I noted that I’m usually very anxious in the morning. I’d wake up and see 10 notifications from our Slack channel where users are complaining, asking questions, and whatever else they do. To prevent this feeling, I always put my phone back to “Sleep” focus after I turned off the alarm. I’d then go on to wash my face and work out, before taking a quick shower and making coffee.
Once I’m ready and refreshed, I can peacefully start handling those notifications one by one. The anxiety of knowing there are people waiting for your response when you just woke up and won’t be able to reply while you do your morning routine is COMPLETELY a waste of mental energy. There’s nothing you can do, why think about it. Leave it be.
2. Share the responsibility and don’t take things to the heart
I take things to the heart, almost every single time somebody complained about my product. Especially because I worked hard building that product, and I know there're a lot of imperfections, but I swear I'm doing my best.
So I communicate this to my co-founders, and we split the work. My co-founder who don’t take things to the heart would handle whatever she can handle first on the customer support. She’ll then CC the engineering team if it needs us to help resolve the problem.
This helped a lot. From seeing 10 red notifications, of which most are non-urgent (but I wouldn't know until I read them right 🙄), to seeing 8-9 green notifications saying it’s resolved.
3. I’m always anxious when I don’t know what to do next
The moment I’m finished building a feature, there always comes the dreaded question “What do I do next?”. It’s dreadful because there’s a ton of things you can do, and you don’t know which one is right. This is when I’m always at my peak anxiety, when I don’t have a clear direction.
To overcome this, I’d ask my co-founders to do a small “meeting” where we discuss what we do next, and what everyone should do next. We’d talk about where we’re going, what stuff we want to plan out for the next few months, any personal changes in what we want to do and what we don’t, etc. This helps giving me and the company a clear game-plan for the next few months.
I’d come back excited to work on my next tasks.
I notice that when I drink ~2 cups of coffee a day, I start getting anxious out of nowhere. I should have known this, like this is a common knowledge right? Well guess what, I thought I’m “immune” to that stuff. Until I started going crazy, getting anxious in the middle of family lunch, and start thinking about everything negatively.
I only drink decaf now 🙃
I do this often, especially when taking a bath. I let my mind go, rant about all the feelings I had, then try to “argue” with myself to find the root of those feelings.

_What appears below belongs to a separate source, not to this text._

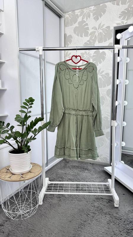 Очень красивое платье из муслина, 100% коттон, р. 16. длина 99 см, длина до резинки 49 см. ог до 120 см. от 90-106 см. ос 130 см. рукав 75 см от горловины.

I’d go about how someone or something is horrible, then take the role of the “objective friend” who would question my arguments. Why am I feeling sad? Why am I feeling sad about that? What changed? Why am I tired and have no energy today? What did I do?
These questions, especially being “objective” in your argument with yourself, helps you find out the root of the problems that you’re having, and you can start experimenting with different routines to help you solve the problems and feel better.
The things above are stuff that I noticed about myself, and the solutions that worked for me. You have to start noticing this stuff about yourself before finding your own solutions.
Ok, that’s it for my rant about my feelings today 😜. I hope this helps someone out there! If you enjoy this post, let me know!